--- Provided material Enclosed Below ---

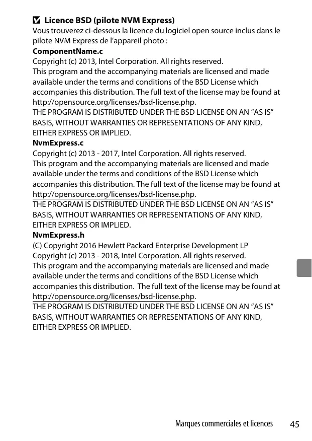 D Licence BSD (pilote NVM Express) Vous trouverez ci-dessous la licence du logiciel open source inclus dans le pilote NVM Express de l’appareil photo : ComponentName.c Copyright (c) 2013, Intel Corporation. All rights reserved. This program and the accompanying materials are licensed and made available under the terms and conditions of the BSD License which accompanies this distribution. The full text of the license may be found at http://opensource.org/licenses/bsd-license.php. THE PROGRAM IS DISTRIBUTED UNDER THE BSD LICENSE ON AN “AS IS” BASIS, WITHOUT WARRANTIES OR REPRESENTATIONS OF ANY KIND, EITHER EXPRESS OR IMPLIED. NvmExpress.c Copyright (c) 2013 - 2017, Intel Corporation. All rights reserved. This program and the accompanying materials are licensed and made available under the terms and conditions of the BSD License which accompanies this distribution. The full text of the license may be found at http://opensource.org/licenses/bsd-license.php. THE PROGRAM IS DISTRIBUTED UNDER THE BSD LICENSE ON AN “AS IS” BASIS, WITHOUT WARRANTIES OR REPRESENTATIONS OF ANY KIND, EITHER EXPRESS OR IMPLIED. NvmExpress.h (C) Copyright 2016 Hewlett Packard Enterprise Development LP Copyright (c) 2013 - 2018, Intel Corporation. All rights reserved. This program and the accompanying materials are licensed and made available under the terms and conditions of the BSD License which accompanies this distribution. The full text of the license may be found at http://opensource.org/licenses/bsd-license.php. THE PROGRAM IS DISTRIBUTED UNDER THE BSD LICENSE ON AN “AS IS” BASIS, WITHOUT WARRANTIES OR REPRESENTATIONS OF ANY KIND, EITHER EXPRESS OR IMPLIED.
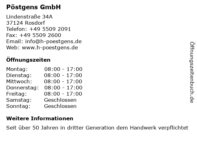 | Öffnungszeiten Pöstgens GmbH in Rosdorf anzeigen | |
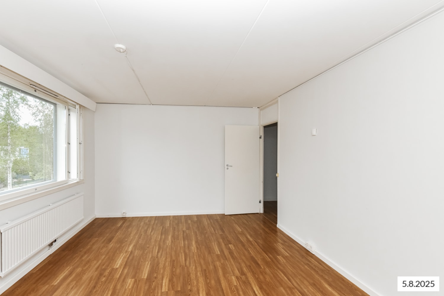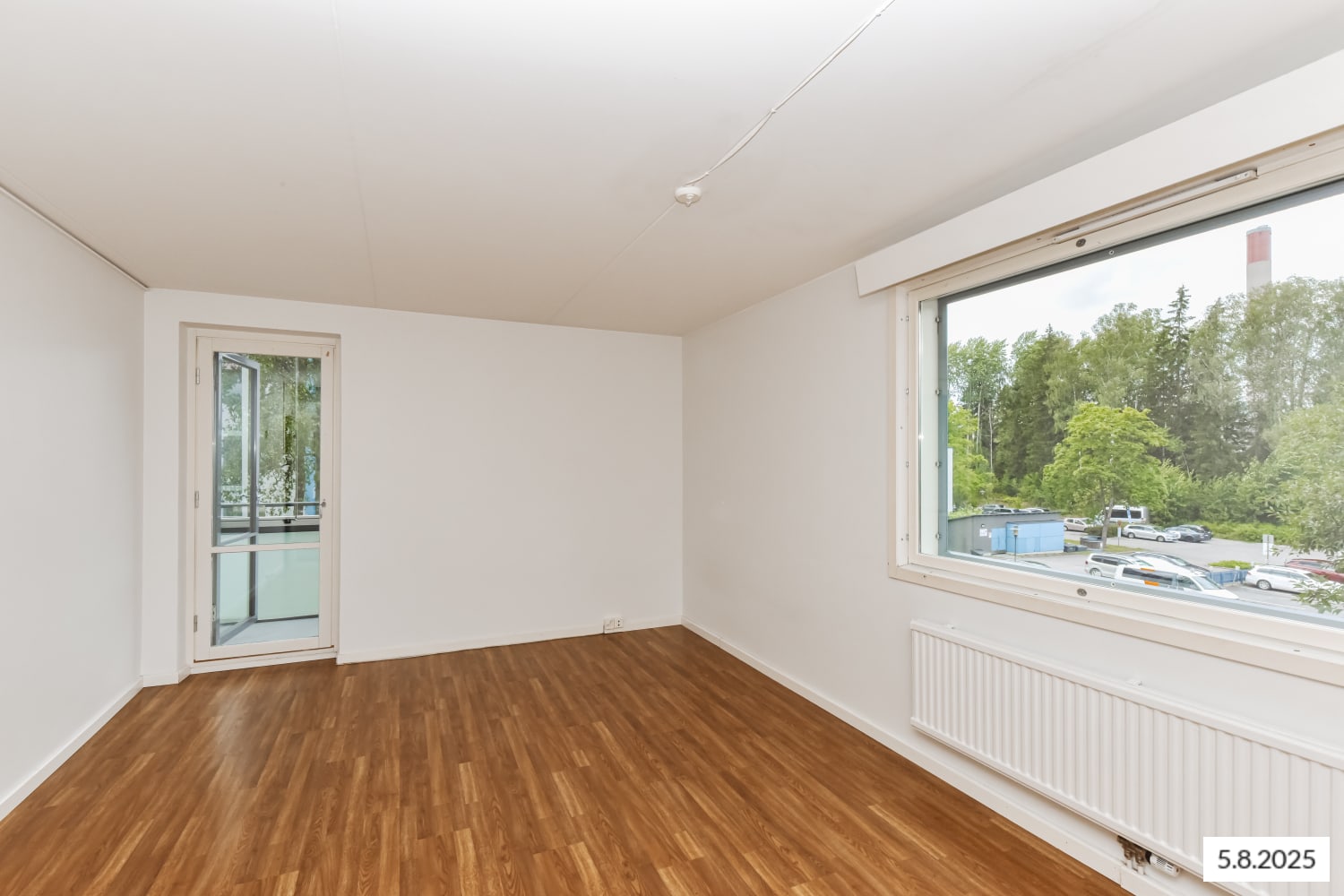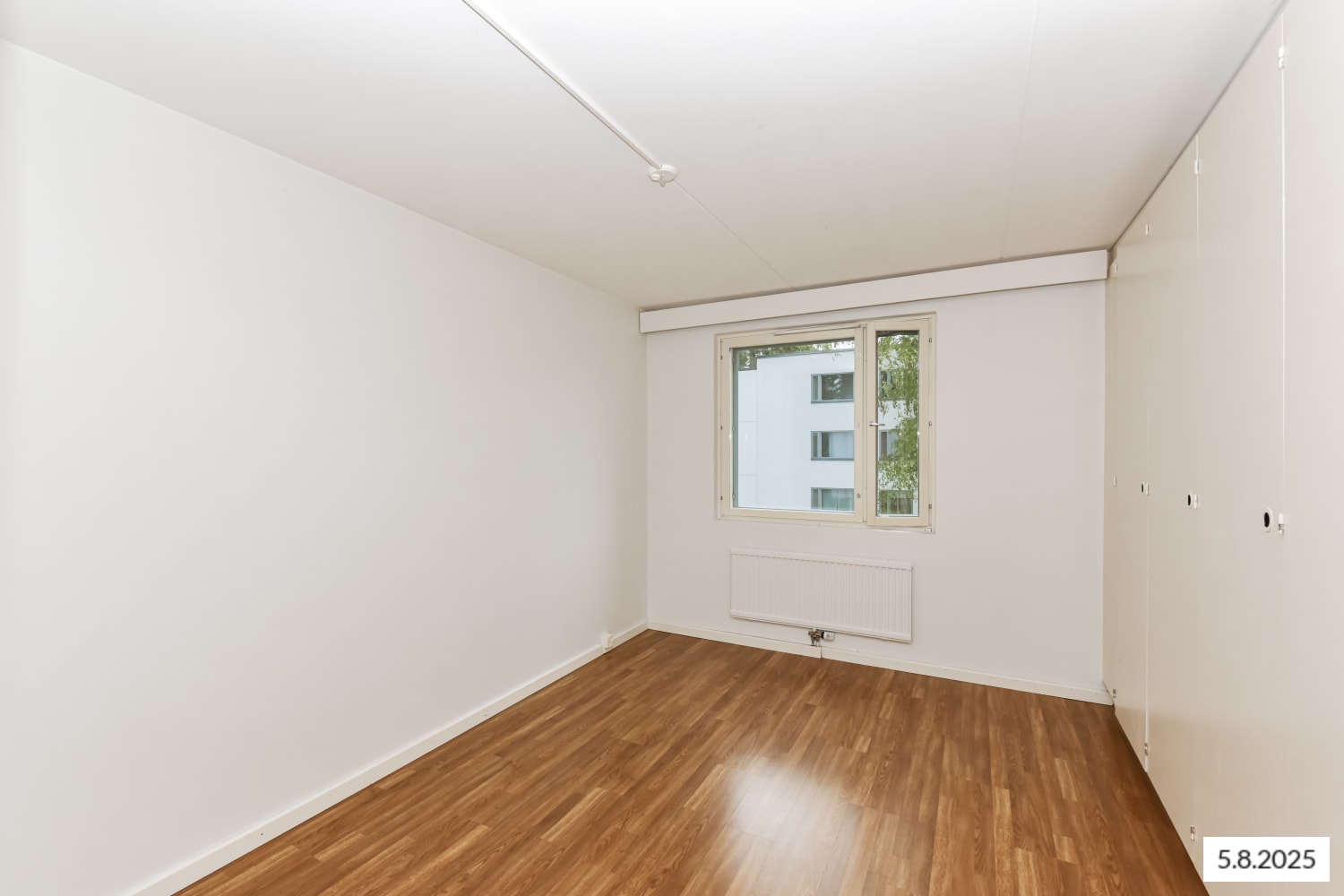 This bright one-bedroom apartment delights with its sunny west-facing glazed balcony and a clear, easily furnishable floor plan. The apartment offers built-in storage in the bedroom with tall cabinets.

--- End of Enclosed Provided material ---

### Work request:
Quote each line of the listing exactly, but leave the pictures out.

### Finished exercise:
 D Licence BSD (pilote NVM Express) Vous trouverez ci-dessous la licence du logiciel open source inclus dans le pilote NVM Express de l’appareil photo : ComponentName.c Copyright (c) 2013, Intel Corporation. All rights reserved. This program and the accompanying materials are licensed and made available under the terms and conditions of the BSD License which accompanies this distribution. The full text of the license may be found at http://opensource.org/licenses/bsd-license.php. THE PROGRAM IS DISTRIBUTED UNDER THE BSD LICENSE ON AN “AS IS” BASIS, WITHOUT WARRANTIES OR REPRESENTATIONS OF ANY KIND, EITHER EXPRESS OR IMPLIED. NvmExpress.c Copyright (c) 2013 - 2017, Intel Corporation. All rights reserved. This program and the accompanying materials are licensed and made available under the terms and conditions of the BSD License which accompanies this distribution. The full text of the license may be found at http://opensource.org/licenses/bsd-license.php. THE PROGRAM IS DISTRIBUTED UNDER THE BSD LICENSE ON AN “AS IS” BASIS, WITHOUT WARRANTIES OR REPRESENTATIONS OF ANY KIND, EITHER EXPRESS OR IMPLIED. NvmExpress.h (C) Copyright 2016 Hewlett Packard Enterprise Development LP Copyright (c) 2013 - 2018, Intel Corporation. All rights reserved. This program and the accompanying materials are licensed and made available under the terms and conditions of the BSD License which accompanies this distribution. The full text of the license may be found at http://opensource.org/licenses/bsd-license.php. THE PROGRAM IS DISTRIBUTED UNDER THE BSD LICENSE ON AN “AS IS” BASIS, WITHOUT WARRANTIES OR REPRESENTATIONS OF ANY KIND, EITHER EXPRESS OR IMPLIED.
 | Öffnungszeiten Pöstgens GmbH in Rosdorf anzeigen | |
 This bright one-bedroom apartment delights with its sunny west-facing glazed balcony and a clear, easily furnishable floor plan. The apartment offers built-in storage in the bedroom with tall cabinets.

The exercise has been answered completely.